=== Record set ===

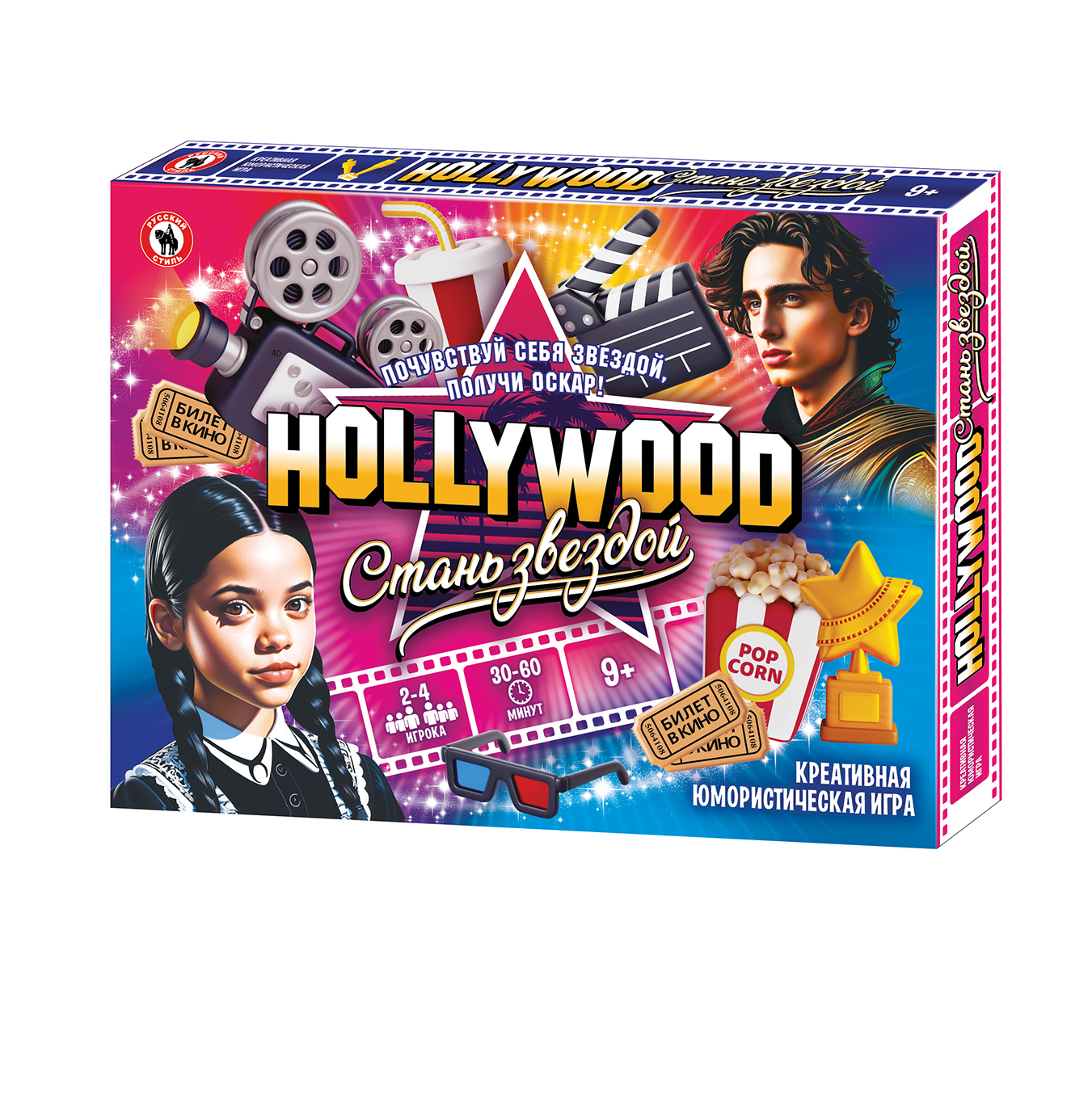 В этой увлекательной коммуникативной игре игрокам предстоит отправиться в Голливуд, где они будут участвовать в кастингах, кинопробах, сниматься в рекламе и кинофильмах. Игроки смогут развить свой актерский талант, завоевать славу и популярность, а также стать самой знаменитой и высокооплачиваемой кинозвездой, получив «Оскар»! Участвуя в этой увлекательной игре, дети и взрослые смогут продемонстрировать артистизм и умение импровизировать. Игроки получают карточки с заданиями, успешно выполняя их, продвигают свою фишку по клеткам на пути к Оскару. Количество игроков: 2-4 Возраст: 9+ Состав игры: игровое поле, кубик, фишки – 8 шт., карточки рекламы – 50 шт., карточки кинопроб – 50 шт., жетоны удачи – 40 шт., деньги – 40 купюр, правила игры. Материал: картон, бумага, пластмасса
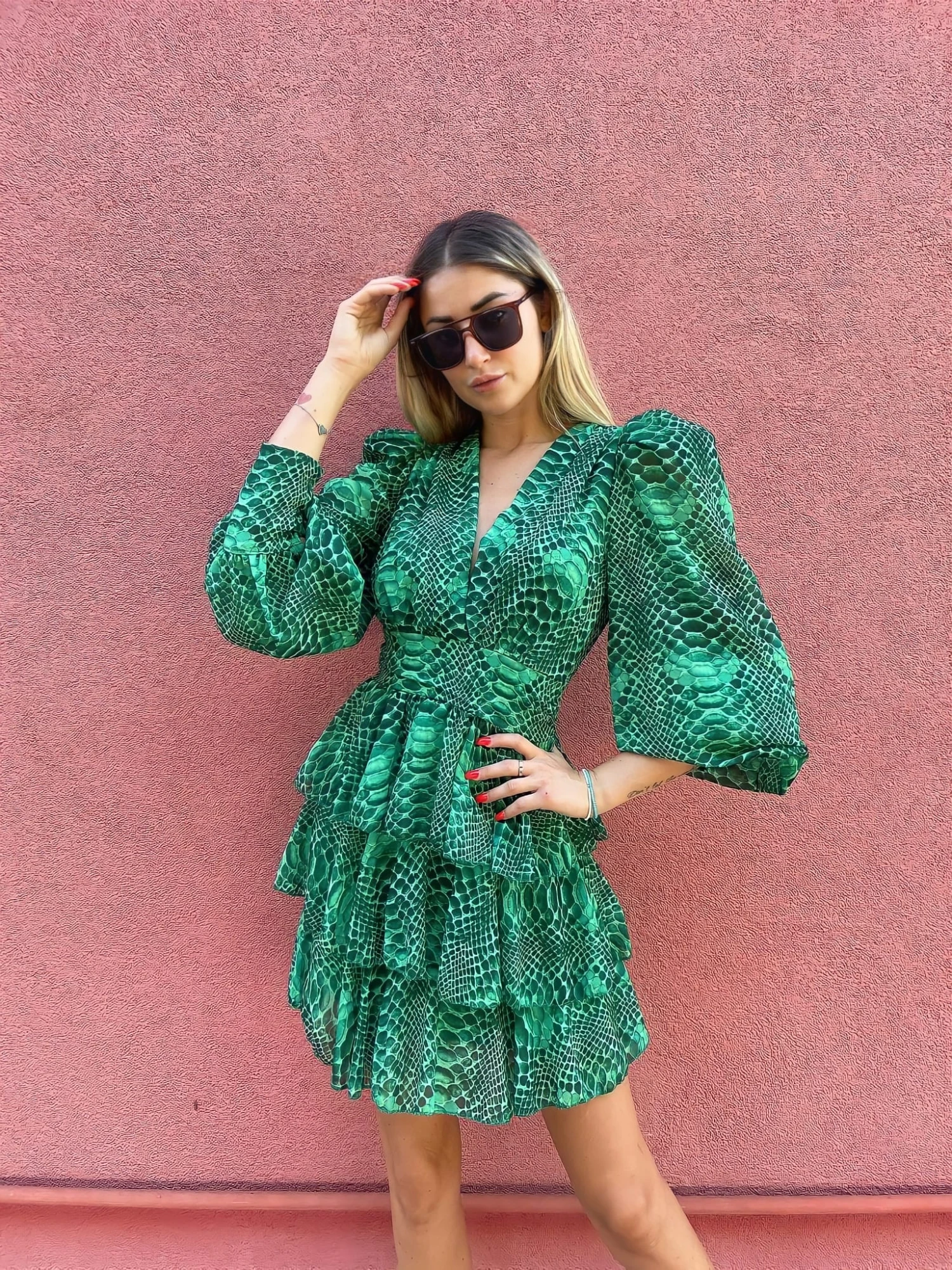 Questo vestito, è un capo molto semplice ma particolare nelle sue caratteristiche. Indossato si posa leggiadramente sulle curve della donna che l’utilizza, regalandole comodità e spensieratezza, caratteristiche che ogni donna ricerca per fronteggiare le giornate d’autunno. Le sue peculiarità sono: lo scollo a V, la manica a sbuffo e le balze poste nella parte inferiore del capo. Possono essere affiancati accessori come: decolleté, sandali, borse di varie dimensioni e pochette. Può essere adatto per giornate più easy, o per serate più impegnative. Il tessuto è al 95% poliestere e al 5% elastico. Si consiglia lavaggio a mano e in acqua fredda.
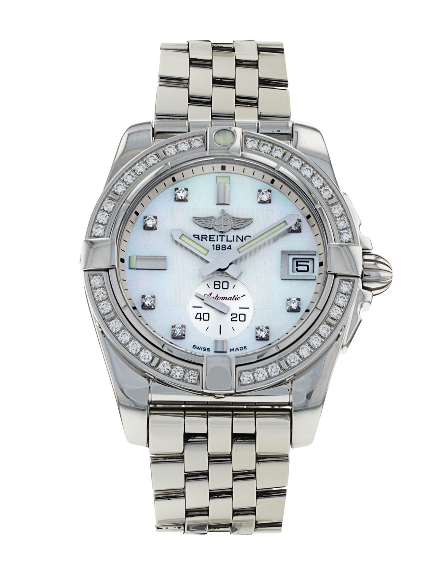 This Breitling Galactic 36 Automatic A37330 has a mother of pearl white - diamond dial and a bracelet strap. This Breitling has undergone a thorough inspection of water resistance, accuracy, functionality and condition to determine the level of reconditioning required to meet our strict standards. It has also been referenced against technical documents and manufacturer records where available to ensure authenticity and a clean history. Our watches have a 24-month warranty for your peace of mind, in conjunction with any remaining manufacturer’s warranty from new or from service.
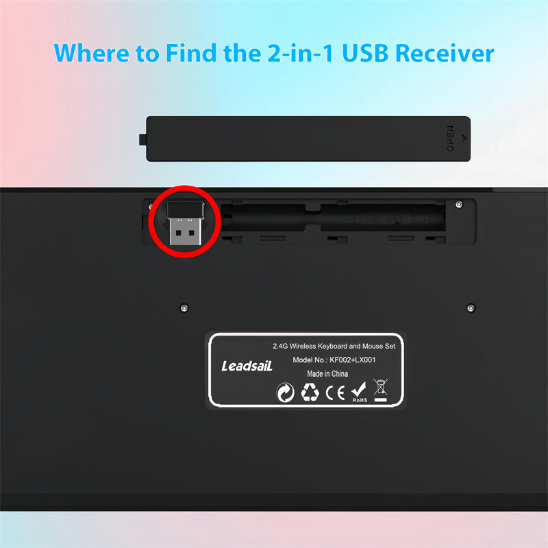 LeadsaiL Ensemble clavier et souris sans fil, souris USB sans fil et ensemble clavier d'ordinateur, compact et silencieux pour ordinateur portable Windows, ordinateur de bureau, PC
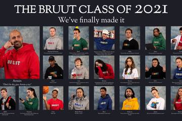 Met deze items kun je Bruut representen, net zoals Amerikaanse studenten met identieke kleding hun eigen college of universiteit vertegenwoordigen. Bruut heeft uit dit concept de inspiratie gehaald om samen met hun eigen team en vrienden een bijpassende fotoshoot te schieten, waarin ze ‘The Bruut Class of 2021’ uitbeelden, door middel van een iconische jaarboek foto’s en de wel bekende jaarquote zoals ze altijd doen op Amerikaanse scholen.
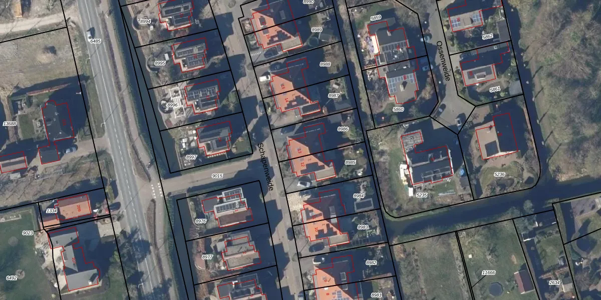 Het perceel waarop Schapenweide 13 staat heeft een oppervlakte van 335 m². Dit is een groot perceel. De perceeloppervlakte wordt geregistreerd door het Kadaster. Gedetailleerde informatie over de maten van dit perceel kunt u vinden in het rapport Kadastrale kaart met maatvoering van Schapenweide 13.
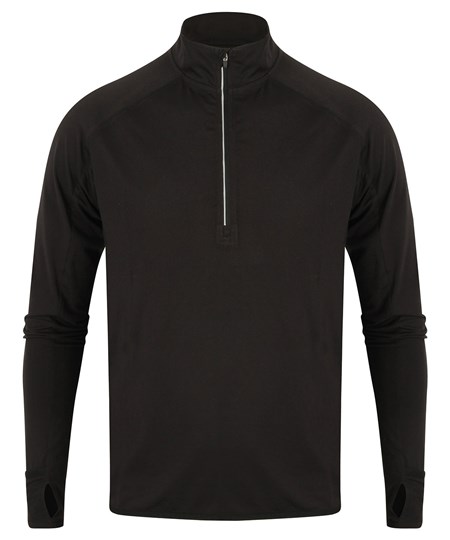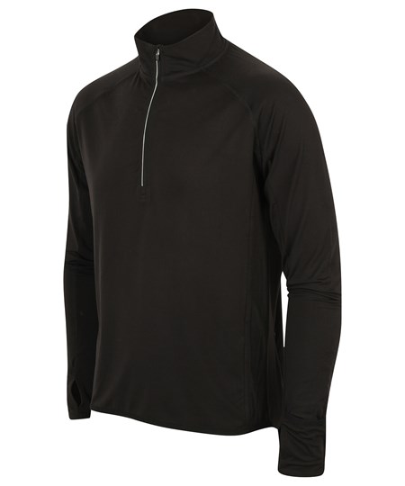 Train smarter in our ultimate 1/4 zip. Reflective zip tape and dot detail at back raglan ensures maximum visibility, while the sports thumbholes and discreet fold over cuffs are perfect for when you hands get chilly. The single Jersey fabric with wicking finish keeps you cool and dry, helping you to perform at your best.
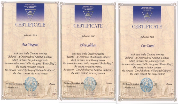 应我校友好合作院校——白俄罗斯格罗德诺扬卡·库帕拉国立大学邀请,我校遴选外国语学院马英梅、周诗涵、刘妍孜三名同学,参加了以“白俄罗斯——民族文化的十字路口”为主题的国际文化交流征文活动。
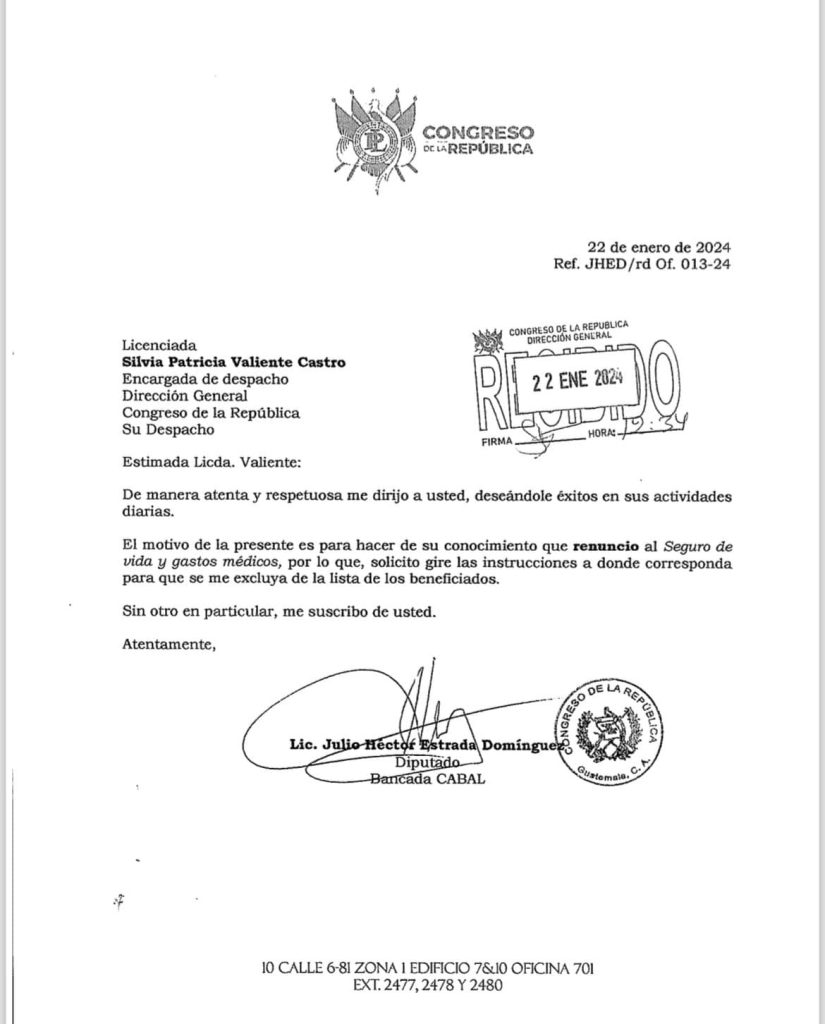 El diputado de la Bancada CABAL Julio Héctor Estrada renunció este martes al seguro médico que les brinda a todos los diputados el Congreso según una nota que envió a Silvia Patricia Valiente Castro de la Dirección General Congreso de la República
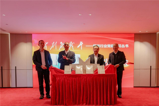 致辞环节结束后,与会人员共同观看了中国矿业大学出版社建社40周年宣传片,全面回顾了矿大社在党建引领下取得的成就,生动展现了其在能源科技出版领域的奋斗历程和对教育事业的贡献。随后,中国矿业大学资产经营公司副总经理、出版社党总支书记、总经理李士峰向与会领导和嘉宾介绍了《特别能战斗——煤炭行业党建学习丛书》。该《丛书》是为纪念毛泽东主席提出煤矿工人“特别能战斗”精神100周年,由中国煤炭职工思想政治工作研究会与中国矿业大学出版社联合策划出版的。《丛书》不仅是对百年精神的回望与致敬,更是响应党中央关于党史学习教育要求的生动实践,填补了煤炭行业跨企业、成系列党建学习读物的空白。在热烈的掌声中, 刘岩、李强、刘海泉、高强四位领导共同为《丛书》揭幕,激励矿大社在未来的出版工作中继续发挥党建优势,为推动煤炭行业高质量发展贡献更多力量。
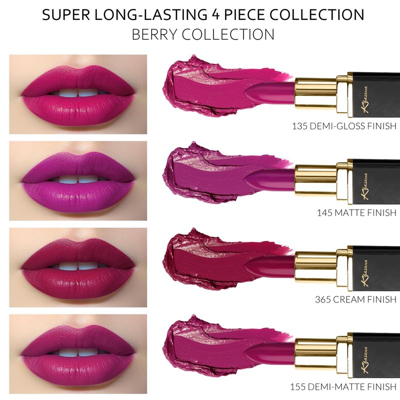 Khasana Lipstick Set. Long Lasting Gift Set. Moisturizing Formula, Infused with Vitamin E and Vitamin C. Multi Finish Lip Makeup Cream Gloss & Matte. Pack of 4. Berry Collection
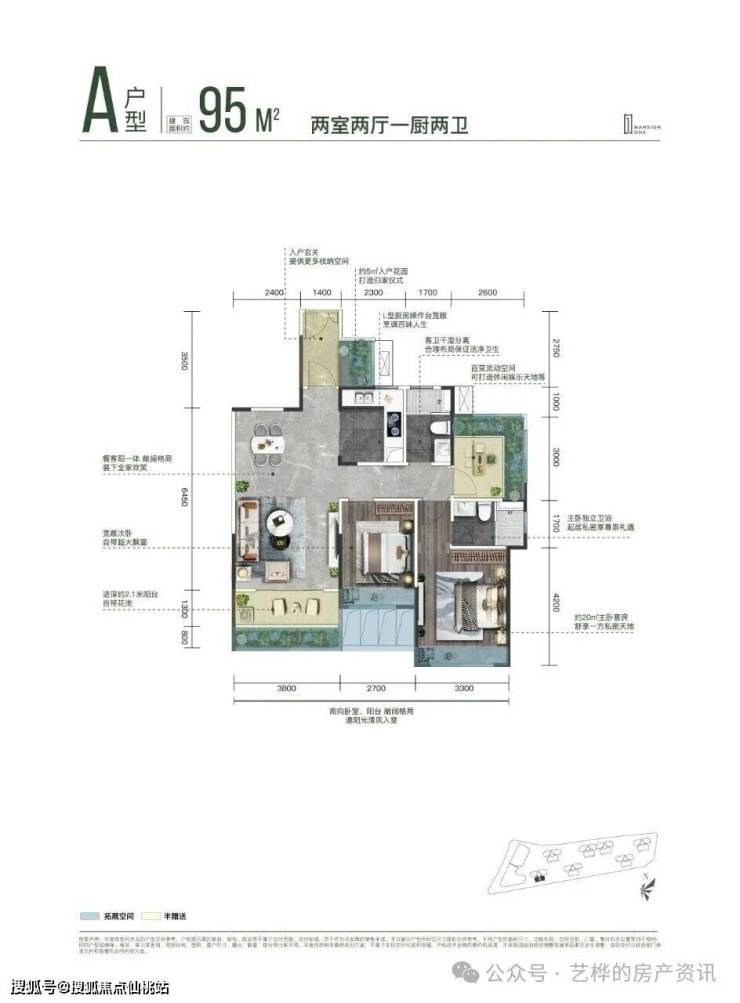 项目首开的2号楼推出95㎡2+1房与123㎡3+2房两大户型,其中藏着不少极具吸引力的亮点!
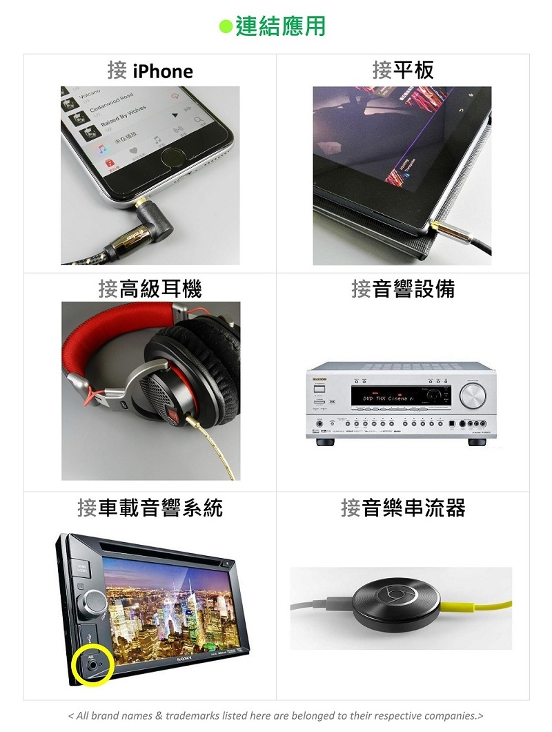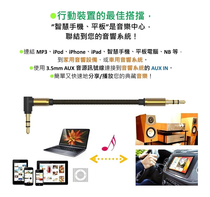 *連結MP3、iPod、iPhone、iPad、智慧手機、平板電腦等,到家用音響設備、或車用音響系統。

===

Set down word for word the lines from the first entry through the line with "This Breitling Galactic", both included, omitting pictures.

Exercise solution —
 В этой увлекательной коммуникативной игре игрокам предстоит отправиться в Голливуд, где они будут участвовать в кастингах, кинопробах, сниматься в рекламе и кинофильмах. Игроки смогут развить свой актерский талант, завоевать славу и популярность, а также стать самой знаменитой и высокооплачиваемой кинозвездой, получив «Оскар»! Участвуя в этой увлекательной игре, дети и взрослые смогут продемонстрировать артистизм и умение импровизировать. Игроки получают карточки с заданиями, успешно выполняя их, продвигают свою фишку по клеткам на пути к Оскару. Количество игроков: 2-4 Возраст: 9+ Состав игры: игровое поле, кубик, фишки – 8 шт., карточки рекламы – 50 шт., карточки кинопроб – 50 шт., жетоны удачи – 40 шт., деньги – 40 купюр, правила игры. Материал: картон, бумага, пластмасса
 Questo vestito, è un capo molto semplice ma particolare nelle sue caratteristiche. Indossato si posa leggiadramente sulle curve della donna che l’utilizza, regalandole comodità e spensieratezza, caratteristiche che ogni donna ricerca per fronteggiare le giornate d’autunno. Le sue peculiarità sono: lo scollo a V, la manica a sbuffo e le balze poste nella parte inferiore del capo. Possono essere affiancati accessori come: decolleté, sandali, borse di varie dimensioni e pochette. Può essere adatto per giornate più easy, o per serate più impegnative. Il tessuto è al 95% poliestere e al 5% elastico. Si consiglia lavaggio a mano e in acqua fredda.
 This Breitling Galactic 36 Automatic A37330 has a mother of pearl white - diamond dial and a bracelet strap. This Breitling has undergone a thorough inspection of water resistance, accuracy, functionality and condition to determine the level of reconditioning required to meet our strict standards. It has also been referenced against technical documents and manufacturer records where available to ensure authenticity and a clean history. Our watches have a 24-month warranty for your peace of mind, in conjunction with any remaining manufacturer’s warranty from new or from service.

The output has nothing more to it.